## Collected material:
####################

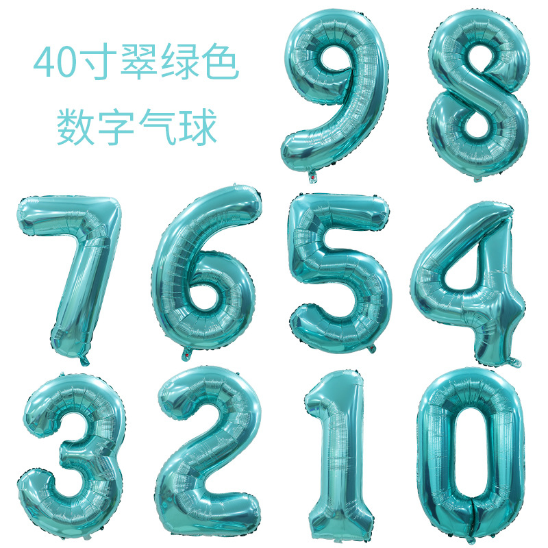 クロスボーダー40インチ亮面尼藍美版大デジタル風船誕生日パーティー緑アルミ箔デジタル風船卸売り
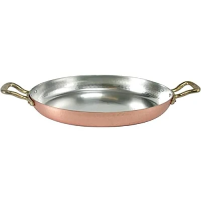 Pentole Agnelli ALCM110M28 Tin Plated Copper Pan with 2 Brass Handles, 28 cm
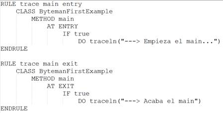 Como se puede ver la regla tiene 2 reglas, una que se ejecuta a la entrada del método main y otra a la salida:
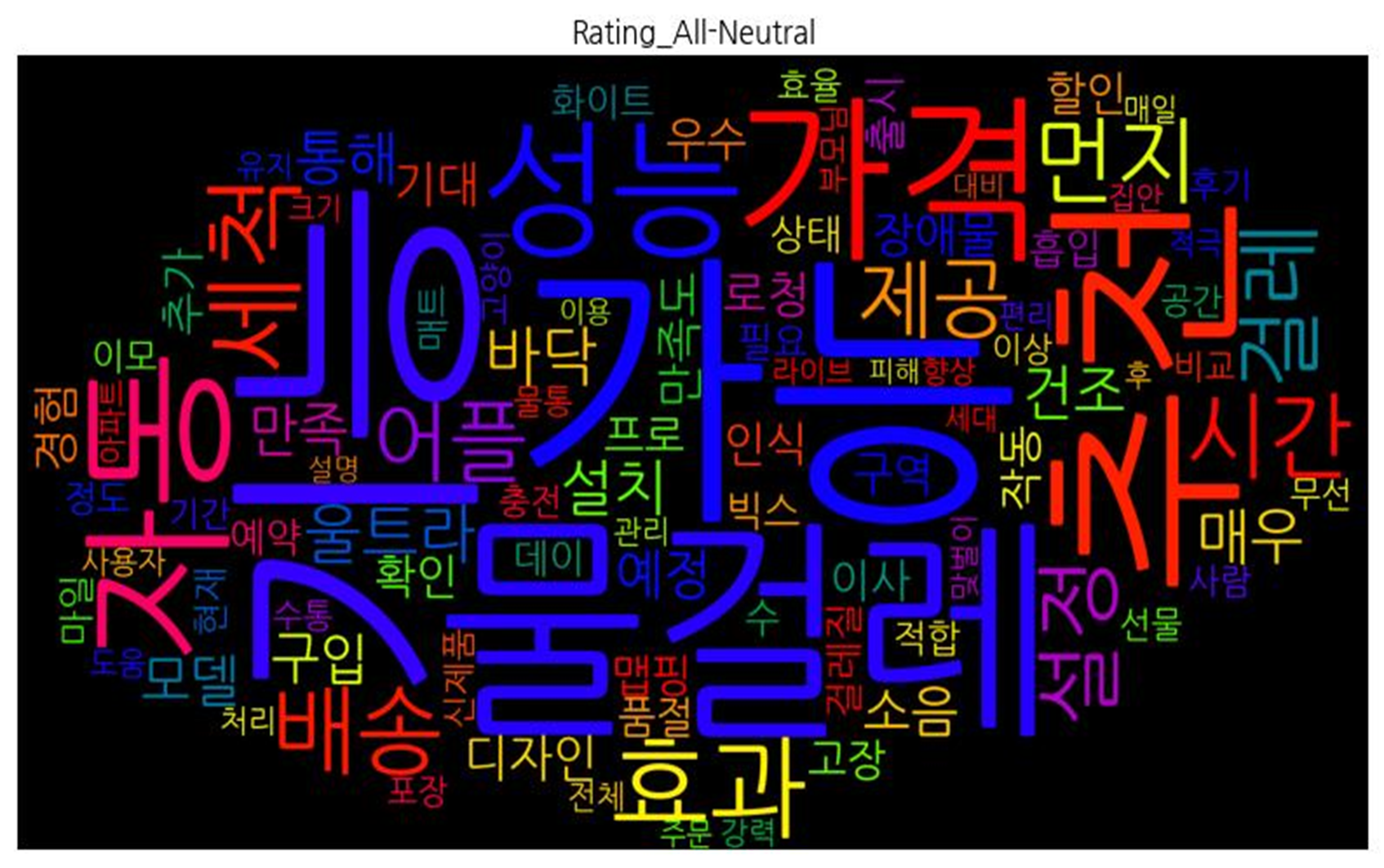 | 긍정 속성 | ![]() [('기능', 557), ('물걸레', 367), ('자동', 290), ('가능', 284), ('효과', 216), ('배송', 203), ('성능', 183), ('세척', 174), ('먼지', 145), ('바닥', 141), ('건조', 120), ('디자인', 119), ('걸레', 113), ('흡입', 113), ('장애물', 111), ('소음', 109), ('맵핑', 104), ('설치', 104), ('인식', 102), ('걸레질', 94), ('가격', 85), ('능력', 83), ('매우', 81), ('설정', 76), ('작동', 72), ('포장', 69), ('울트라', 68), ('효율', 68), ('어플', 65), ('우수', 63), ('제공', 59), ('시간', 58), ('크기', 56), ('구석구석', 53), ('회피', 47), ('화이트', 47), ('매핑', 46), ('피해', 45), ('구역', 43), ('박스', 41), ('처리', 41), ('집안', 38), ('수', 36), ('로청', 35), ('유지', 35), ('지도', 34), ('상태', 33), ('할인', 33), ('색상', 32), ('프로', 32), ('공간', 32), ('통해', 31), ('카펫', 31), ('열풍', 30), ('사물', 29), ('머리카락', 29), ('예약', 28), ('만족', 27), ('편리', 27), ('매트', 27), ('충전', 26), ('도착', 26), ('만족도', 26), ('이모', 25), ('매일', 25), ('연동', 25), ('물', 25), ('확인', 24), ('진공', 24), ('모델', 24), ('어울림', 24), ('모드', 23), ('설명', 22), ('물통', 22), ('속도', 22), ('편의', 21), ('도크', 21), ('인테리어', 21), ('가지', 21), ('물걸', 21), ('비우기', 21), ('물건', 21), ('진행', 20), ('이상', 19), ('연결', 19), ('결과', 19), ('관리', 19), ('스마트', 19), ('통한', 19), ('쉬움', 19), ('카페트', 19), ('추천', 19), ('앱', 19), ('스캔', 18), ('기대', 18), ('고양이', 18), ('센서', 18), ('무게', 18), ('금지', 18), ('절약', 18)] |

####################

## What is being asked:
Transcribe the listing word for word, but keep its pictures out of the copy.

## Completed exercise:
 クロスボーダー40インチ亮面尼藍美版大デジタル風船誕生日パーティー緑アルミ箔デジタル風船卸売り
 Pentole Agnelli ALCM110M28 Tin Plated Copper Pan with 2 Brass Handles, 28 cm
 Como se puede ver la regla tiene 2 reglas, una que se ejecuta a la entrada del método main y otra a la salida:
 | 긍정 속성 | ![]() [('기능', 557), ('물걸레', 367), ('자동', 290), ('가능', 284), ('효과', 216), ('배송', 203), ('성능', 183), ('세척', 174), ('먼지', 145), ('바닥', 141), ('건조', 120), ('디자인', 119), ('걸레', 113), ('흡입', 113), ('장애물', 111), ('소음', 109), ('맵핑', 104), ('설치', 104), ('인식', 102), ('걸레질', 94), ('가격', 85), ('능력', 83), ('매우', 81), ('설정', 76), ('작동', 72), ('포장', 69), ('울트라', 68), ('효율', 68), ('어플', 65), ('우수', 63), ('제공', 59), ('시간', 58), ('크기', 56), ('구석구석', 53), ('회피', 47), ('화이트', 47), ('매핑', 46), ('피해', 45), ('구역', 43), ('박스', 41), ('처리', 41), ('집안', 38), ('수', 36), ('로청', 35), ('유지', 35), ('지도', 34), ('상태', 33), ('할인', 33), ('색상', 32), ('프로', 32), ('공간', 32), ('통해', 31), ('카펫', 31), ('열풍', 30), ('사물', 29), ('머리카락', 29), ('예약', 28), ('만족', 27), ('편리', 27), ('매트', 27), ('충전', 26), ('도착', 26), ('만족도', 26), ('이모', 25), ('매일', 25), ('연동', 25), ('물', 25), ('확인', 24), ('진공', 24), ('모델', 24), ('어울림', 24), ('모드', 23), ('설명', 22), ('물통', 22), ('속도', 22), ('편의', 21), ('도크', 21), ('인테리어', 21), ('가지', 21), ('물걸', 21), ('비우기', 21), ('물건', 21), ('진행', 20), ('이상', 19), ('연결', 19), ('결과', 19), ('관리', 19), ('스마트', 19), ('통한', 19), ('쉬움', 19), ('카페트', 19), ('추천', 19), ('앱', 19), ('스캔', 18), ('기대', 18), ('고양이', 18), ('센서', 18), ('무게', 18), ('금지', 18), ('절약', 18)] |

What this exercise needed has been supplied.